What Will Likely Happen
Using the baseline economic forecast provided by Moody’s economy.com, which assumes no economic recession, PKF-HR is forecasting the U.S. lodging industry will achieve average annual RevPAR growth of 5.5 percent from 2007 through 2010. This is substantially greater than the long term annual average of 3.3 percent.
“Given where we are in the lodging industry cycle, it is not surprising that ADR growth will be the main driver of RevPAR growth the next few years,” said Woodworth. We continue to be impressed with the ability of hotel managers to raise the contract rates for their big corporate accounts, as well as take advantage of the negotiating leverage they possess with meeting planners.

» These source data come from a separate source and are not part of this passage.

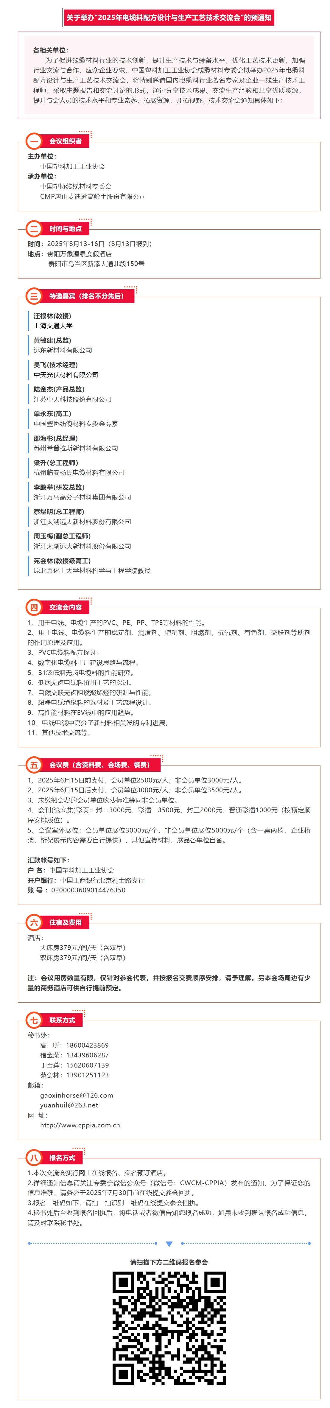 关于举办“2025年电缆料配方设计与生产工艺技术交流会”的预通知
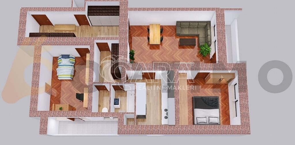 Byt má prakticky řešenou dispozici. Vstupní chodba je vybavena vestavěnými skříněmi a navazuje na samostatnou ložnici s postelí, úložným prostorem a přímým vstupem na první balkon. Další průchozí chodba nabízí opět vestavěné skříně a úložné prostory. Koupelna je vybavena vanou a pračkou, toaleta je oddělená. Samostatná kuchyň disponuje veškerými spotřebič a také samostatnou komorou. Na kuchyň navazuje prostorný obývací pokoj se vstupem na druhý balkon a přístupem do další samostatné ložnice, která je rovněž zařízena postelí a vestavěnými skříněmi. V předsíni je navíc další komora, která poskytuje dostatek úložného prostoru.
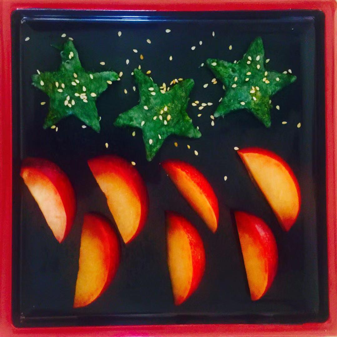 苔条饼配桃子。
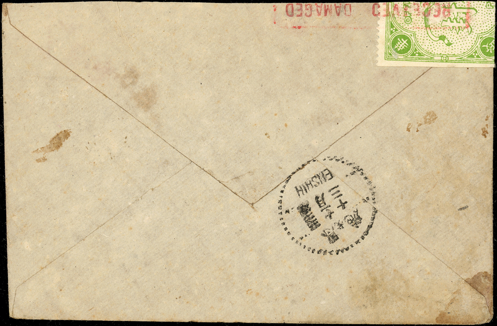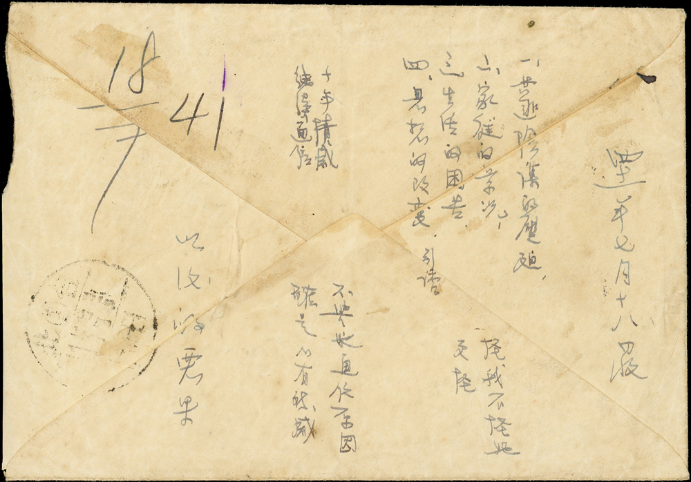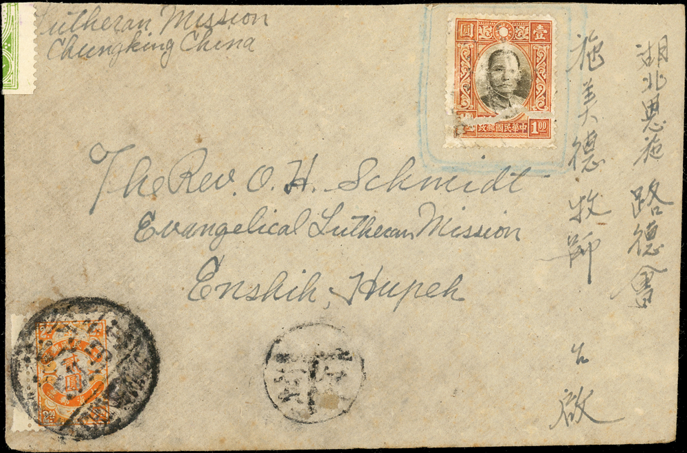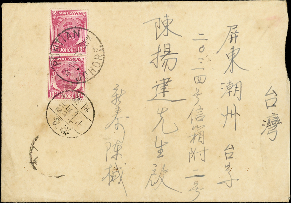 實寄封二件:(1)1943年重慶寄湖北封,貼國父像港大東1元1枚,因票面破損郵資失效,銷『T/欠資』章,旁加貼欠資2元(平信1元+罰款1元),銷重慶5.11.43(人為描過),背銷恩施三二年十一月十三到戳,並加貼郵局代封紙銷紅色方型章;(2)1952年馬來西亞寄屏東封,貼票馬來亞票2枚計2角,銷PONTIAN JOHORE 28.JUL.52,經台北中轉(日期不清),潮州四一年七月十七到戳;封背寫字;林茂興舊藏
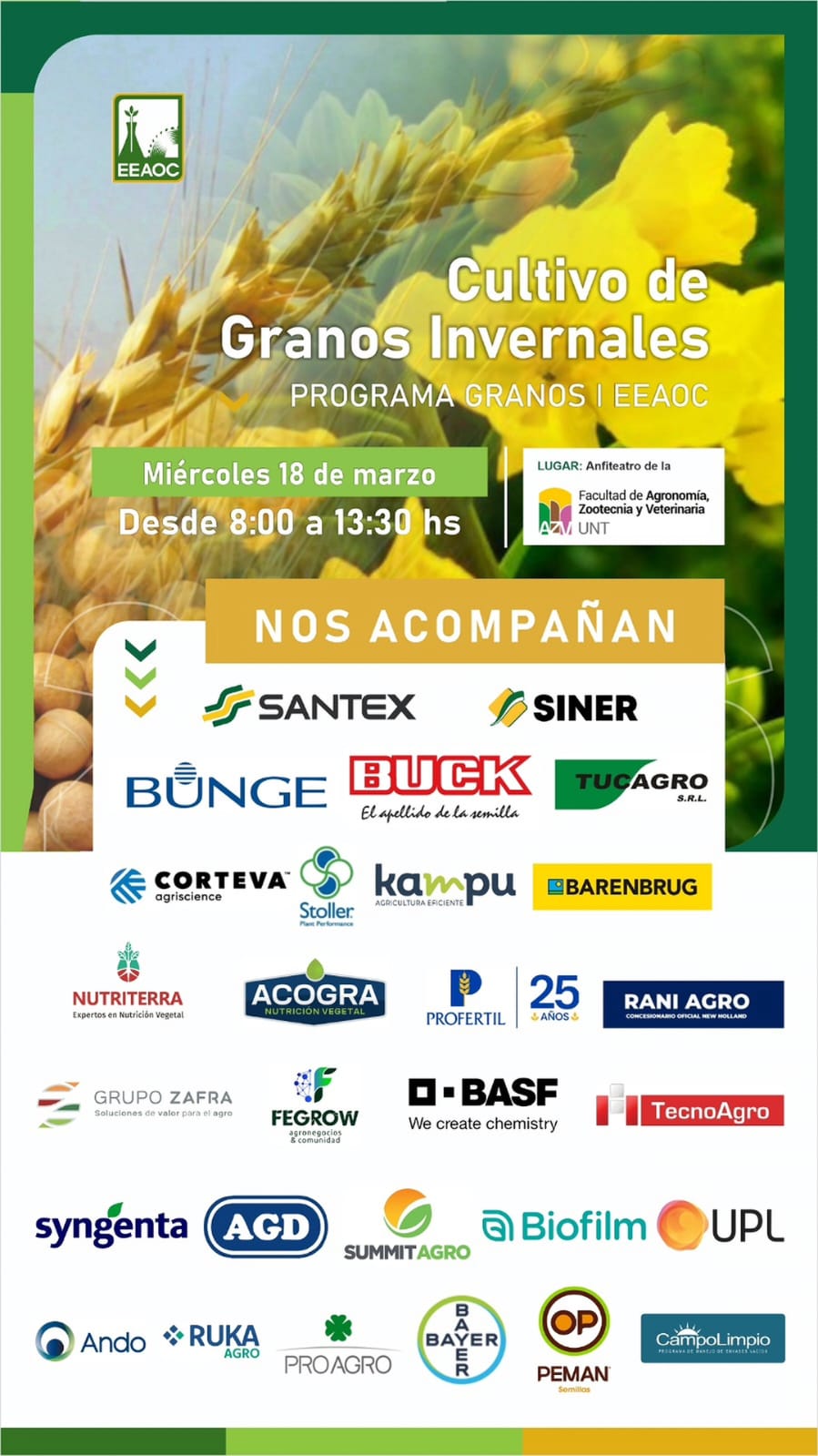 Desde Brucke Agro y la EEAOC los invitamos a inscribirse en la reunión sobre Recomendaciones para las siembras de invierno: trigo y garbanzo, el día miércoles 31/03 a las 09:00 hs

“Many people are worrying about the record volume of new hotel projects in the development pipeline. However, given the current costs of construction, lending environment and investor expectations, we believe the growth in demand for hotel accommodations will absorb most of the new supply. Therefore, we are only forecasting slight declines in occupancy in 2007 and 2008.”
What May Happen
In the event of an economic recession that parallels the previous two national downturns, the U.S. lodging industry could lose an estimated 6.1 percent in revenue. This is the result of 2.2 percent fewer occupied rooms and the inability to raise room rates as aggressively because of more competitive market conditions. “Using our pessimistic economic assumptions, the hypothetical loss in lodging industry revenue would mostly be the result of a drop in occupancy, not a decline in ADR,” explained Woodworth.
“Prior to the industry recessions of the early 1990s and 2000s, we observed a big run up in supply,” noted John (Jack) B. Corgel, Ph.D., the Robert C. Baker Professor of Real Estate at the Cornell University Hotel School and senior advisor to PKF Hospitality Research. “Given the relatively slow growth in supply seen since 2002, plus the current disciplined financing environment, an economic recession would result in a slowdown of the progression of proposed hotel projects through the development pipeline.” Under PKF-HR’s recession scenario, an estimated 66,000 fewer rooms will be built during the next three years.
PKF-HR believes hotel management’s recent ability to practice yield management and drive room rates above expectations will bode them well through an upcoming recession. “During our recession scenario, we believe U.S. hotel room rates will continue to grow,” said Woodworth. “However, the growth will be less than the pace of inflation and roughly 2.6 percentage points less than our expected pace of ADR growth.”
An economic recession will have varying degrees of impact on the major segments of the lodging industry. Woodworth comments, “History has proven that the hotels that are most vulnerable to a decline in utilization are those that are already lagging in performance. Given the recent sub-par results of midscale with food and beverage properties, we would be most concerned about this chain-scale segment if a recession were to occur.
“It needs to be emphasized that PKF-HR is not forecasting an economic recession. However, we are always assisting our clients to prepare for possible future economic conditions.”